(Collected data)
───

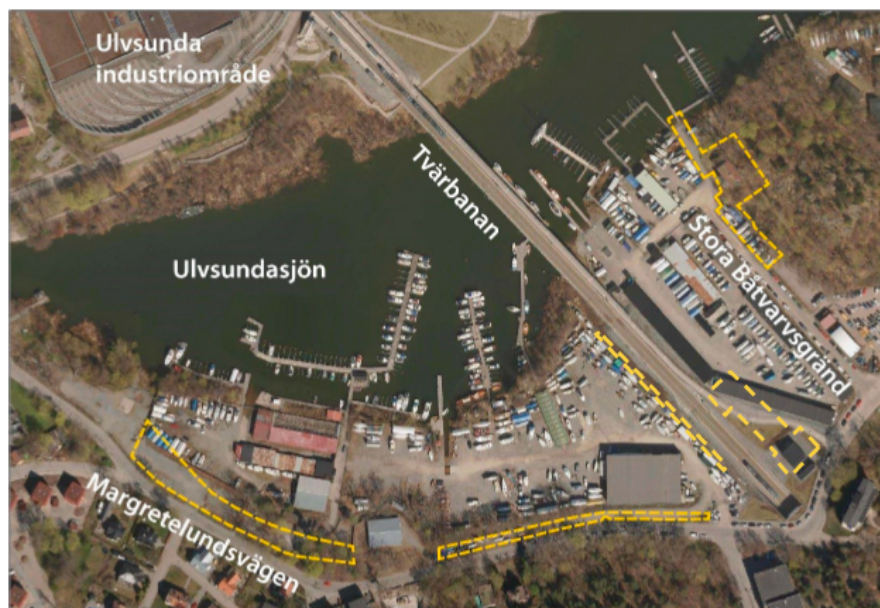
Ungefärligt planområde markerat med gulstreckad linje

Kommunfullmäktige godkände 2009-06-15 avtal med AB Storstockholms Lokaltrafik och Stockholms läns landsting rörande genomförandet av Tvärbana Norr. Kommunfullmäktige antog 2010-02-01 detaljplanen 2006-06219-54 vilken anger att den västra delen av Margretelundsvägen skall omvandlas till parkmark, samt att ytan norr om denna del skall bli park.
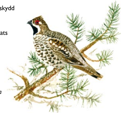
Järpe Bonasa bonasia
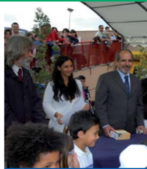
Piazzale della Galleria Auchan di Sassari. Premiazione.

I primi premi e i Superpremi, selezionati dalla giuria, andranno alle scuole più meritevoli, ovvero a quelle che meglio si saranno distinte nell'esecuzione dell'elaborato; un Superpremio andrà all'elaborato più votato dai visitatori internet e un Superpremio premierà la fotografia del docente più votata dai visitatori del WEB.
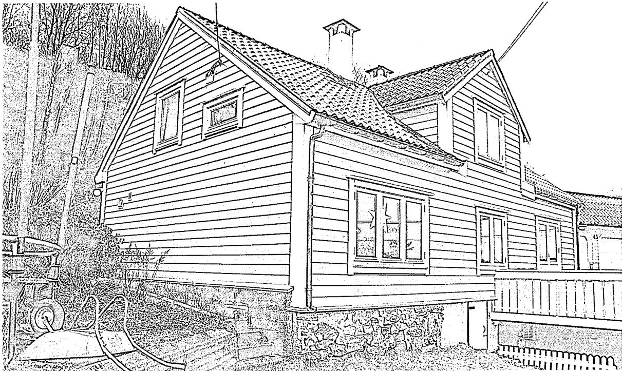
Nåv. gavlfasade mot NORD / Langsiden mot VEST

Gnr. 1 , bnr. 379 i Meland kommune Foto av nåv. Fasader, pr. 27.12.2018
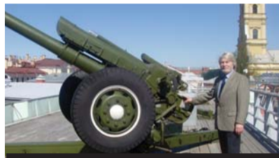
Выстрел на бастионе Петропавловской крепости. 2007 год.
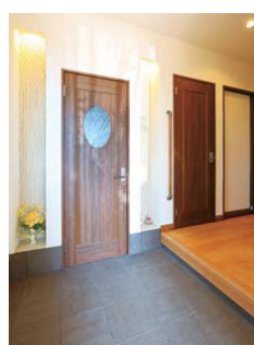
玄関上がり口のしゃれたドアの向こうに、広い土間収納やシューズクローゼがある

音楽の教師をしているご夫妻は、2階に設置したグランドピアノを時折弾いているが、高气密・高断熱のおかげで、大きな音が外に漏れることはないという。働きながら快適な環境で子育てできることに、ご夫妻は改めて感謝している。
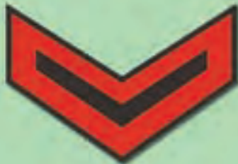
हेड कांस्टेबल (एच.सी.)
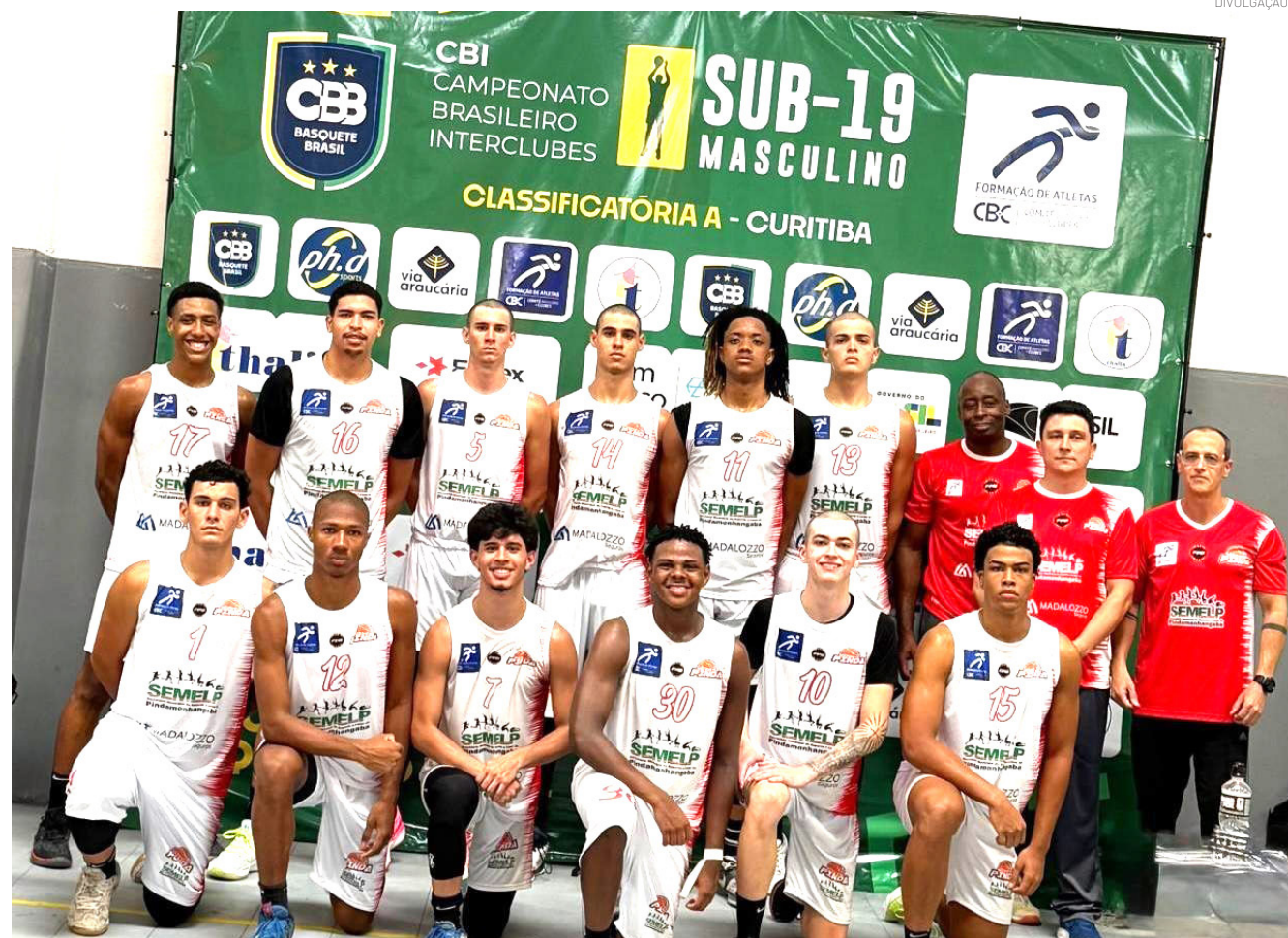
O grande destaque da temporada é a equipe sub-19 masculina, que alcançou um feito inédito para o município
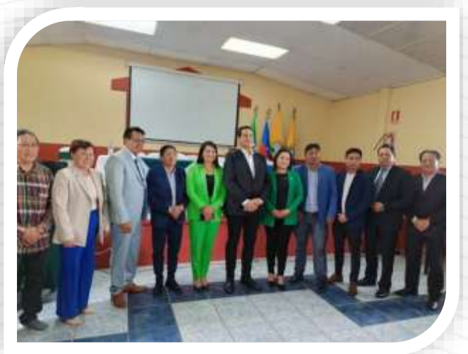
SESIÓN SOLEMNE PARROQUIALIZACIÓN TUPIGACHI
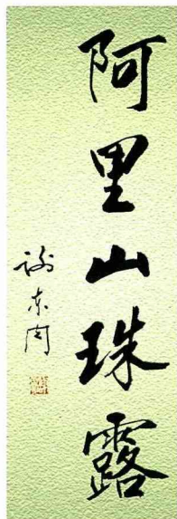
■ 有如旭日東升的「阿里山珠露茶」。
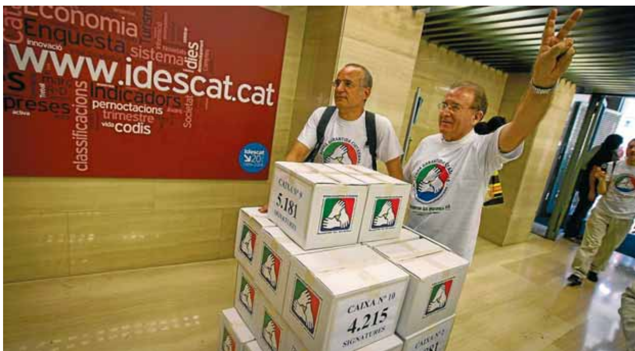
Els promotors de la ILP per a la renda de ciutadania van entregar les signatures a l'Idescat el 25 d'octubre

Càritas Diocesana de Barcelona haurà atès aquest any 64.000 persones, mentre que el 2010 en va atendre 56.789. El 44% viuen de lloguer, el 21% en habitacions rellogades i el 7% han estat acollides gratuïtament per familiars o amics. Pel que fa a ajuts, l'entitat de l'Església fa un esforç per garantir l'habitatge. Amb un pressupost de 5,3 milions en ajudes, dos milions han estat per pagar lloguers, aigua, llum o gas. ■
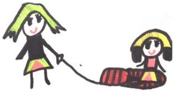
Kuva 3. Lapsen tuottama piirros ystävistä unelmakoulussa.

Ulkotilojen yhteydessä puhuttujen luonnoneläinten lisäksi lapset toivoivat unelmakoulusta löytyvän myös lemmikkieläimiä. Lasten puheenvuoroista oli kuultavissa, että eläimet olisivat koulun toiminnassa vahvasti mukana, mutta myös omat lemmikkieläimet mainittiin. Koirat, kissat sekä puput haluttiin mukaan oppitunneille. Tämä oli selkeästi aihe, joka sai lapset osallistumaan yhteiseen keskusteluun.
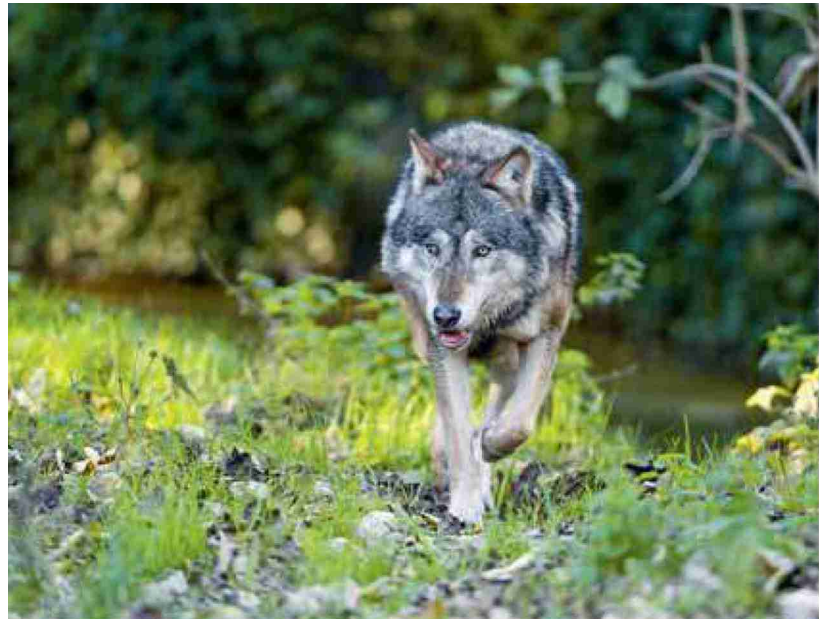
Es ist nicht auszuschliessen, dass im Kanton Zürich wieder einzelne Wölfe auftauchen werden.

───

■ Task goal: Output the lines above in full and exactly as given, omitting any pictures.

■ Written reply:
Ungefärligt planområde markerat med gulstreckad linje

Kommunfullmäktige godkände 2009-06-15 avtal med AB Storstockholms Lokaltrafik och Stockholms läns landsting rörande genomförandet av Tvärbana Norr. Kommunfullmäktige antog 2010-02-01 detaljplanen 2006-06219-54 vilken anger att den västra delen av Margretelundsvägen skall omvandlas till parkmark, samt att ytan norr om denna del skall bli park.
Järpe Bonasa bonasia
Piazzale della Galleria Auchan di Sassari. Premiazione.

I primi premi e i Superpremi, selezionati dalla giuria, andranno alle scuole più meritevoli, ovvero a quelle che meglio si saranno distinte nell'esecuzione dell'elaborato; un Superpremio andrà all'elaborato più votato dai visitatori internet e un Superpremio premierà la fotografia del docente più votata dai visitatori del WEB.
Nåv. gavlfasade mot NORD / Langsiden mot VEST

Gnr. 1 , bnr. 379 i Meland kommune Foto av nåv. Fasader, pr. 27.12.2018
Выстрел на бастионе Петропавловской крепости. 2007 год.
玄関上がり口のしゃれたドアの向こうに、広い土間収納やシューズクローゼがある

音楽の教師をしているご夫妻は、2階に設置したグランドピアノを時折弾いているが、高气密・高断熱のおかげで、大きな音が外に漏れることはないという。働きながら快適な環境で子育てできることに、ご夫妻は改めて感謝している。
हेड कांस्टेबल (एच.सी.)
O grande destaque da temporada é a equipe sub-19 masculina, que alcançou um feito inédito para o município
SESIÓN SOLEMNE PARROQUIALIZACIÓN TUPIGACHI
■ 有如旭日東升的「阿里山珠露茶」。
Els promotors de la ILP per a la renda de ciutadania van entregar les signatures a l'Idescat el 25 d'octubre

Càritas Diocesana de Barcelona haurà atès aquest any 64.000 persones, mentre que el 2010 en va atendre 56.789. El 44% viuen de lloguer, el 21% en habitacions rellogades i el 7% han estat acollides gratuïtament per familiars o amics. Pel que fa a ajuts, l'entitat de l'Església fa un esforç per garantir l'habitatge. Amb un pressupost de 5,3 milions en ajudes, dos milions han estat per pagar lloguers, aigua, llum o gas. ■
Kuva 3. Lapsen tuottama piirros ystävistä unelmakoulussa.

Ulkotilojen yhteydessä puhuttujen luonnoneläinten lisäksi lapset toivoivat unelmakoulusta löytyvän myös lemmikkieläimiä. Lasten puheenvuoroista oli kuultavissa, että eläimet olisivat koulun toiminnassa vahvasti mukana, mutta myös omat lemmikkieläimet mainittiin. Koirat, kissat sekä puput haluttiin mukaan oppitunneille. Tämä oli selkeästi aihe, joka sai lapset osallistumaan yhteiseen keskusteluun.
Es ist nicht auszuschliessen, dass im Kanton Zürich wieder einzelne Wölfe auftauchen werden.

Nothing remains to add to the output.